Держать оборону мальчику удавалось до глубокой ночи. Даже в самый дремучий час Агний, свернувшись калачиком, в середине которого был плотно зажат меж цепких пальцев бутылёк, боялся заснуть. И не заснул, если бы ему под загороженную всем, что только попалось в комнате, дверь в один момент не прыснули какую-то зловонную дрянь, из-за которой тут же голова налилась свинцом, веки резко потяжелели, мысли помутились и в конце-концов преданный хранитель маленькой стекляшки благополучно улетел в самые недра царства снов, где пребывал аж до полудня.

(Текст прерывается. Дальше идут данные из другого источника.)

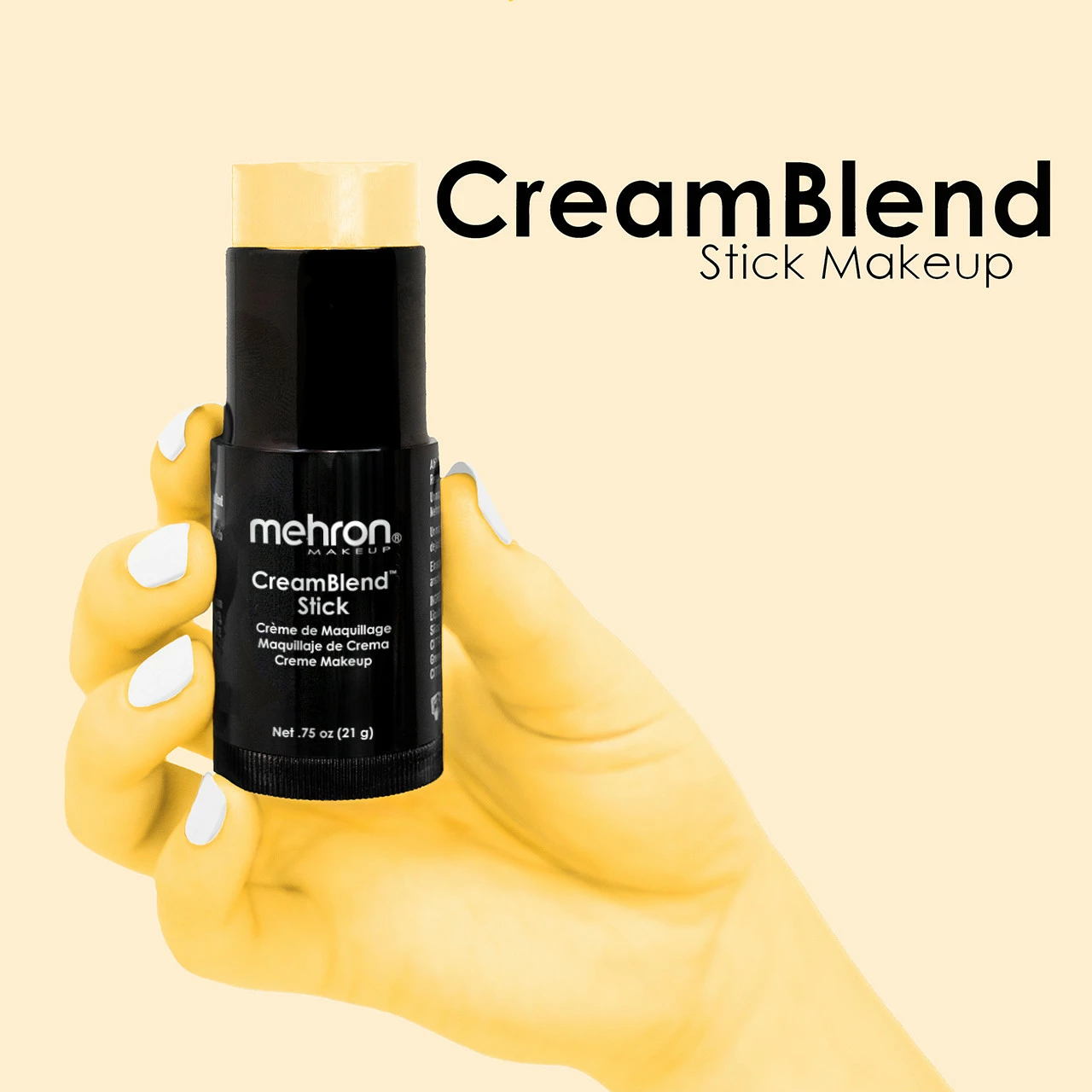 Mehron CreamBlend™ Stick Pastel Yellow is een zeer gepigmenteerde, verfijnde crèmemake-up in een handige uitdraaibare stick. De crème-formule met volledige dekking is ontwikkeld om te blijven zitten zelfs onder zware prestatieomstandigheden zoals hete podiumlichten. CreamBlend™ Stick bevat vitamines en antioxidanten en is geformuleerd zonder de petrolatum-basis die vaak wordt aangetroffen in traditionele greasepaint/vetschmink. CreamBlend biedt de ultieme dekking en prestatie. Verkrijgbaar in een verpakkingen van 21 gram.

После пробуждения его ожидала предсказуемая картина: все его баррикады разгромлены, дверь заколочена, сосуда нет.

А тем временем в другом конце замка Алиса собиралась с силами, чтобы войти в заветную дверь и наконец-то посмотреть в глаза тому, кто на долгие годы лишил её сна, покоя, нормальной жизни и лица. Сжав кулаки и вдохнув полной грудью, девушка сумела на короткое мгновение вырваться из вихря страшных воспоминаний и толкнуть громоздкую деревянную преграду, отделявшую королеву от её прошлого. В тусклом свете, отходящего от находившегося на противоположной стене окна, явственно выделялся силуэт прямоугольного стола, за которым сидел, связанный по рукам и ногам, старший брат. Да, действительно, это был и вправду он. Хоть годы не пощадили его, да и всё нездорового цвета лицо было в розовых шрамах, последнее, освободившись от запущенных зарослей волос, всё ещё хранило в себе черты того знакомого с детства затравленного юноши. Глаза тоже были теми же самыми, с них спала та жуткая пелена, так хорошо врезавшаяся в память Алисы. Вот только в них больше не было той детской неуверенности. Он был спокоен. Он наконец-то чувствовал себя твёрдо стоящим на ногах. Теперь, находясь в рассудке, уже точно.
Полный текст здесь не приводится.